La obsesión con la muerte
James Dean vivía con un miedo cerval a la muerte, y al mismo tiempo la desafiaba con gestos temerarios. Coleccionaba armas, posaba dentro de ataúdes y toreaba taxis en las calles de Nueva York como si fueran toros. En una entrevista, un periodista le preguntó qué era lo que más respetaba en la vida. Su respuesta fue tan lúgubre como premonitoria:
“La muerte. Es la única cosa que merece respeto. La única verdad inevitable. Todo lo demás puede ponerse en duda, pero la muerte es verdadera. En ella está la única nobleza para el hombre y, más allá de ella, la única esperanza”.
El “Pequeño Bastardo”
La otra gran pasión de Dean fue la velocidad. El 21 de septiembre de 1955 compró un Porsche Spyder 550 por 6.900 dólares, una cifra astronómica para la época. Lo bautizó como Little Bastard, un coche ligero, descapotable, capaz de alcanzar los 225 km/h, pero extremadamente frágil. Pensaba competir en una carrera en Salinas y, aunque en un principio planeaba remolcar el vehículo, a última hora decidió conducirlo.
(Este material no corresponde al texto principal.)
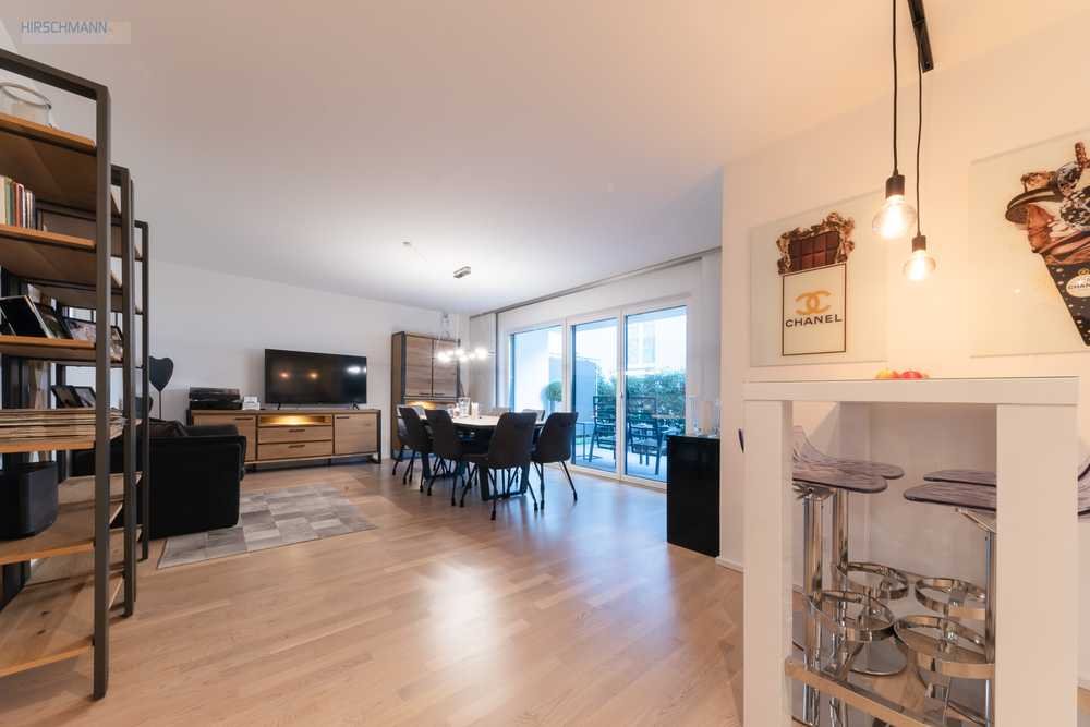 Der großzügige Wohn- und Essbereich mit offener Küche bildet das kommunikative Zentrum der Wohnung. Weitläufige Fensterfronten mit elektrischen Rollläden sorgen für eine helle, einladende Atmosphäre und eröffnen zugleich den Zugang zur Terrasse und dem gepflegten Garten – ein privater Rückzugsort, der den Wohnraum erlebbar nach draußen erweitert.

El 30 de septiembre, acompañado de su mecánico, partió hacia la cita. Un policía lo detuvo por exceso de velocidad y le advirtió con palabras inquietantes: «Si sigue así, no llegará a Salinas». Horas más tarde, en la ruta 466, un Ford conducido por un estudiante se cruzó en su camino. Dean apenas pudo gritar: «¡Tiene que vernos!». La colisión fue brutal. Su mecánico salió despedido, malherido en el asfalto. Dean absorbió el impacto y murió poco después en el hospital, a los 24 años.
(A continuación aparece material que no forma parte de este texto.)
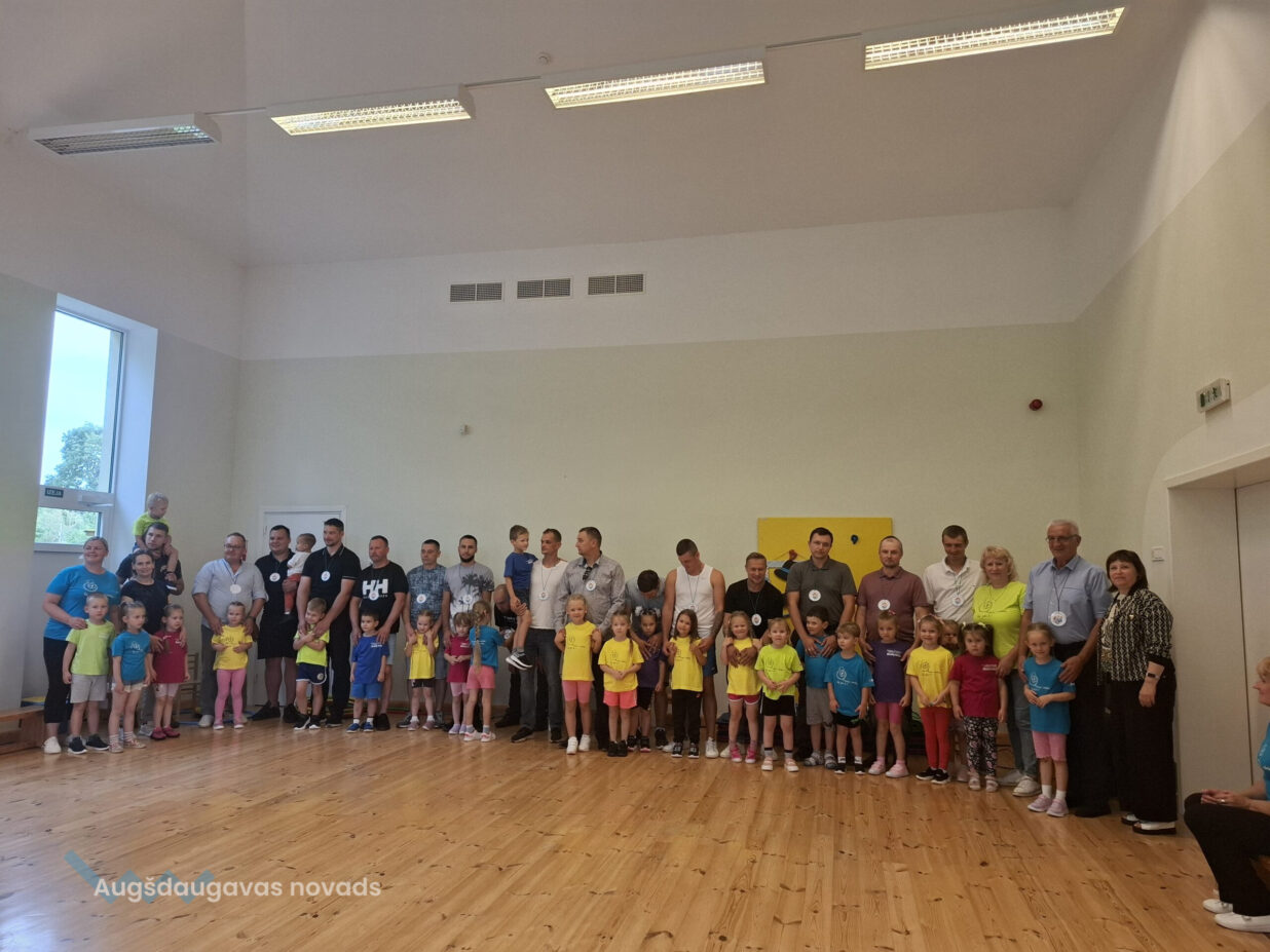 Sporta zālē kuplā skaitā pulcējās tēvi, vectēvi, krusttēvi un pārējie ģimenes locekļi, lai Tēvu dienā apvienotu ģimeņu sportisko un radošo garu. Stiprā ģimenē aug stipri pieaugušie. Stipra ģimene ir valsts balsts.
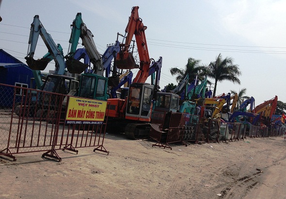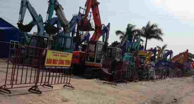 Nhiều loại máy xúc, máy ủi được tập kết tại dự án Ao Sen
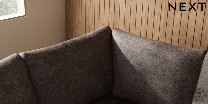 7.2.10 Buy Parker Large Corner Sofa - Left Hand Plush Chenille Mink Brown Low Retro Tapered - Mid from the Next UK online shop Click here to use our accessible website
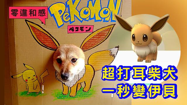 聽講伊貝好難收服㗎,不過唔怕喎,學日本呢個小精靈訓練員咁咪得囉!首先喺紙皮上面畫隻伊貝,再cut返個窿畀佢隻柴犬突個頭出嚟,睇下!伊貝GET!

Dos meses antes había rodado un anuncio de seguridad vial en el que advertía a los jóvenes conductores: «Conducid con cuidado, porque la vida que salvéis podría ser… la mía». Cuando se emitió, tras su muerte, esas palabras adquirieron un tono cruelmente profético.


Nace la leyenda
La noticia recorrió el mundo. Murió el hombre, nació la leyenda. Se multiplicaron las especulaciones: ¿fue un suicidio?, ¿tenía un hijo secreto?, ¿planeaba desaparecer? Incluso un libro llegó a vender medio millón de ejemplares afirmando que Dean se comunicaba “desde el más allá”.
La maldición también alcanzó a su coche. Del Little Bastard se dijo que traía desgracia a todo aquel que lo poseía. Tras varios accidentes fatales relacionados con piezas del vehículo, desapareció misteriosamente en 1960 y nunca más se volvió a ver.

Un mito eterno
Setenta años después, James Dean sigue siendo el rostro imberbe de la rebeldía. Con apenas tres películas, marcó a una generación y quedó fijado en el imaginario colectivo como el actor que nunca envejeció. Un joven de mirada desafiante que, al morir en una carretera cualquiera, conquistó la eternidad.